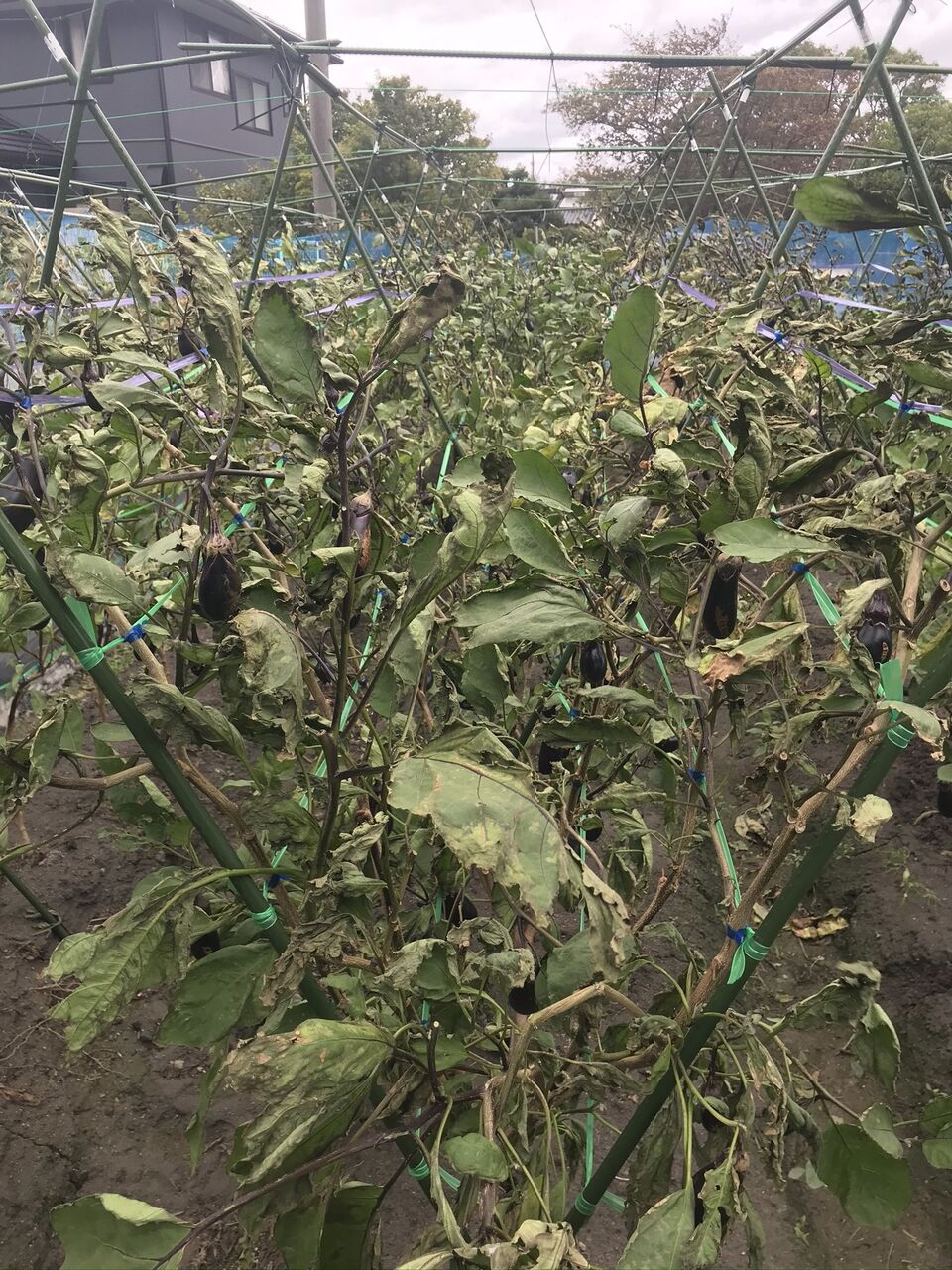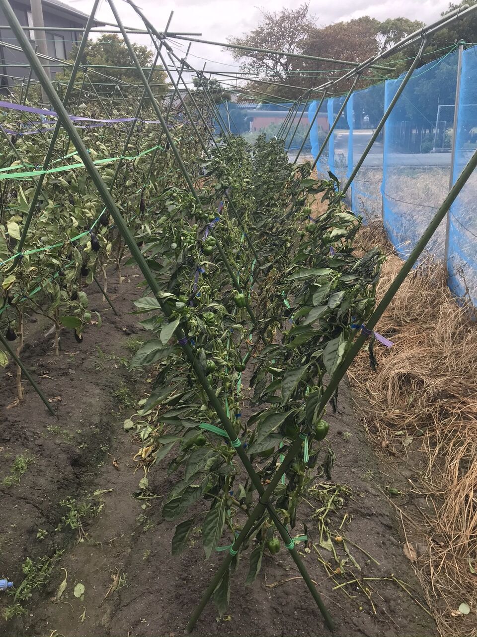 ナス、ピーマンも潮風が当たったようで水をかけても駄目で、葉が枯れて落ちてきました。
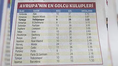 Avrupa'nın en golcü kulüpleri arasında ilk üçe giren Lacivert, beyazlılar maç başına 3.22 gol istatistiğine ulaşarak, Avrupa'nın büyük kulüplerini geride bıraktı. İlk sırada 37 golle bulunan Hollanda Ajax kulübünü 33 golle Almanya Bayern Münih kulübü takip ederken, 3. Sırada 29 gol ile Türkiye kulübü Fethiyespor bulunuyor. Fethiyespor yakaladığı büyük başarısını şampiyonluk ile taçlandırmak istiyor.
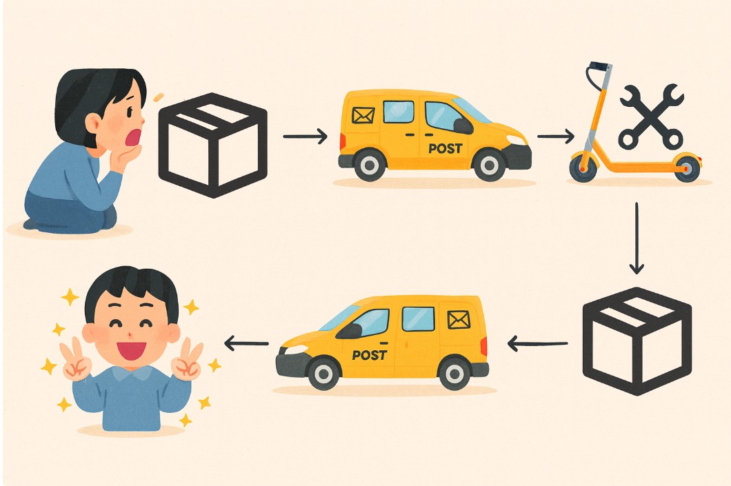 Sie verpacken Ihren E-Scooter in einem geeigneten Paket. Falls Sie kein passendes Paket haben, können Sie dieses bei uns erwerben . Wir senden es Ihnen zu. Ein GLS-Versandlabel können Sie ebenfalls bei uns kaufen. Legen Sie den E-Scooter in das Paket und senden Sie ihn an uns. Nach der Reparatur verpacken wir den E-Scooter im selben Paket und schicken ihn an Sie zurück. So einfach ist das!
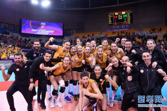 12月9日,土耳其瓦基弗银行俱乐部成员在夺冠后庆祝。 新华社记者黄宗治摄
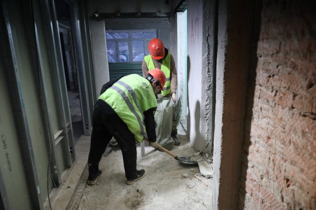 На сегодняшний день на объекте трудятся 23 человека. Как доложил подрядчик, полностью завершены демонтажные работы, выполнена перепланировка, рабочие проводят усиление проёмов.
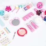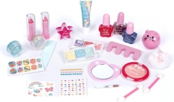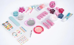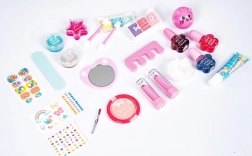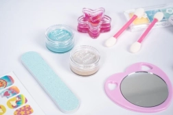 Setul stimulează imaginația și motricitatea fină. Copiii pot încerca în siguranță machiajul de bază și manichiura într-o variantă colorată și prietenoasă.
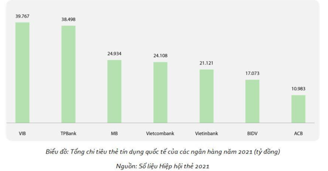 Dẫn đầu xu thế thẻ trên thị trường nhiều năm, VIB gắn liền với các sản phẩm thẻ ấn tượng và lần đầu có mặt tại Việt Nam. Do đó, không quá ngạc nhiên khi ngân hàng này hiện đang dẫn đầu trong nhóm về tổng chi tiêu thẻ của khách hàng.
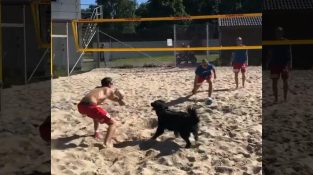 Három férfi és egy kutya játszik egy strandröplabda-mérkőzést.
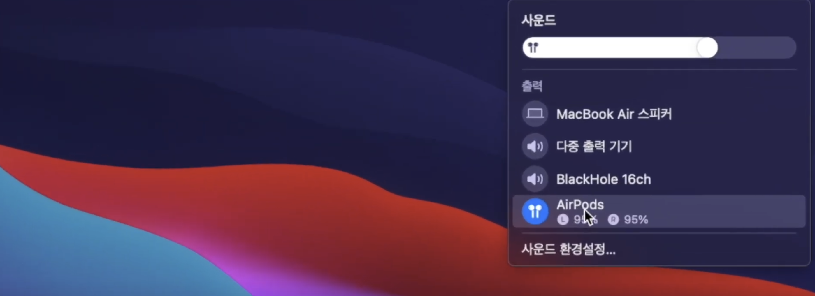 먼저 맥북과 에어팟을 블루투스로 연결합니다.

□ □ □ □ □ □ □

Task prompt
Leave out the pictures, and please output only the lines from the line that contains "Sie verpacken Ihren" through the end of the data, both ends included.

Output below
 Sie verpacken Ihren E-Scooter in einem geeigneten Paket. Falls Sie kein passendes Paket haben, können Sie dieses bei uns erwerben . Wir senden es Ihnen zu. Ein GLS-Versandlabel können Sie ebenfalls bei uns kaufen. Legen Sie den E-Scooter in das Paket und senden Sie ihn an uns. Nach der Reparatur verpacken wir den E-Scooter im selben Paket und schicken ihn an Sie zurück. So einfach ist das!
 12月9日,土耳其瓦基弗银行俱乐部成员在夺冠后庆祝。 新华社记者黄宗治摄
 На сегодняшний день на объекте трудятся 23 человека. Как доложил подрядчик, полностью завершены демонтажные работы, выполнена перепланировка, рабочие проводят усиление проёмов.
 Setul stimulează imaginația și motricitatea fină. Copiii pot încerca în siguranță machiajul de bază și manichiura într-o variantă colorată și prietenoasă.
 Dẫn đầu xu thế thẻ trên thị trường nhiều năm, VIB gắn liền với các sản phẩm thẻ ấn tượng và lần đầu có mặt tại Việt Nam. Do đó, không quá ngạc nhiên khi ngân hàng này hiện đang dẫn đầu trong nhóm về tổng chi tiêu thẻ của khách hàng.
 Három férfi és egy kutya játszik egy strandröplabda-mérkőzést.
 먼저 맥북과 에어팟을 블루투스로 연결합니다.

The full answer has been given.